Extracted data entries:
• • • • •

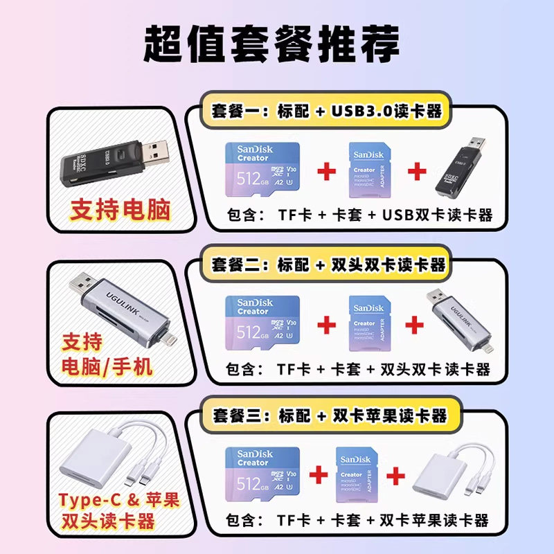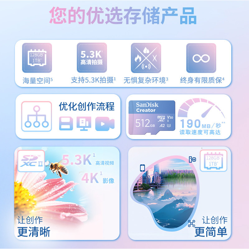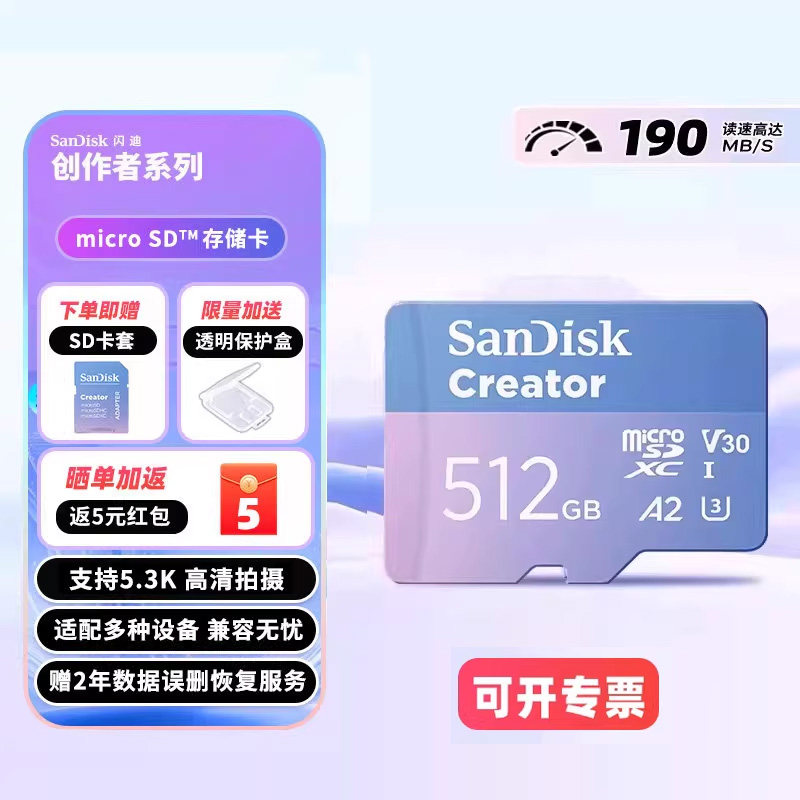 📚 闪迪创作者闪存卡tf储存卡512g运动相机SD内存卡影石acepro2
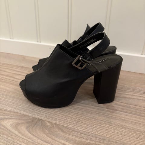 Nelly Hæler sko i størrelse 38. Skoene er svarte og har åpen tå og hæl med ankelstropp. Pent brukt ved et par anledninger. Selges da de ikke passet min fot helt. Skoene er litt støvete men ikke skitne. Kan fint vaskes bort.
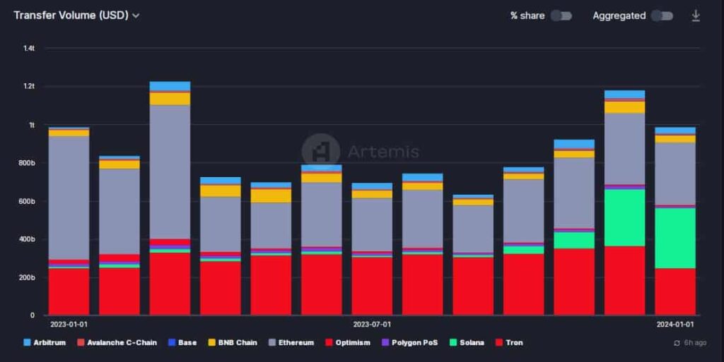 De hecho, apenas la semana pasada, Artemis reconoció en un Publicación X (anteriormente Twitter) que los volúmenes de USDC en Solana fueron los principales impulsores del aumento de los volúmenes generales de transferencia de monedas estables.
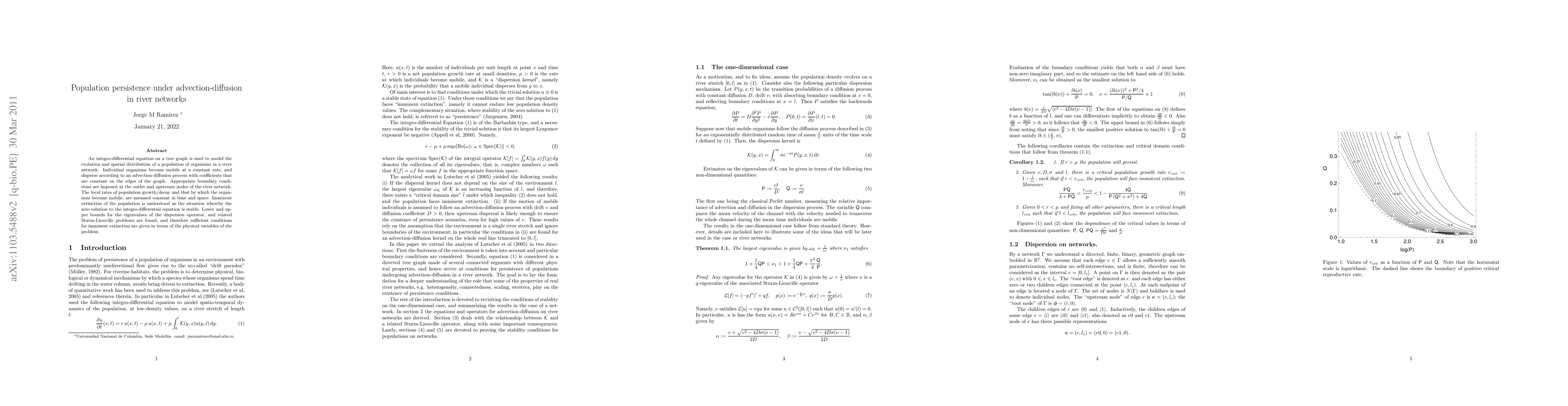 This paper models population dynamics in river networks using an integro-differential equation on a tree graph, considering advection-diffusion processes and constant growth/mobility rates. It determines conditions for population extinction by finding bounds for the dispersion operator's eigenvalues.
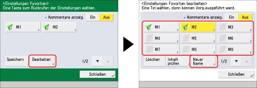 Berühren Sie die Taste [Bearbeiten] → Wählen Sie die Taste, deren Namen oder Kommentar Sie bearbeiten möchten → Berühren Sie die Taste [Neuer Name].

• • • • •

Each line from the first line of the data above through the one containing "Nelly Hæler sko" must be set down exactly; the pictures must not be.

 📚 闪迪创作者闪存卡tf储存卡512g运动相机SD内存卡影石acepro2
 Nelly Hæler sko i størrelse 38. Skoene er svarte og har åpen tå og hæl med ankelstropp. Pent brukt ved et par anledninger. Selges da de ikke passet min fot helt. Skoene er litt støvete men ikke skitne. Kan fint vaskes bort.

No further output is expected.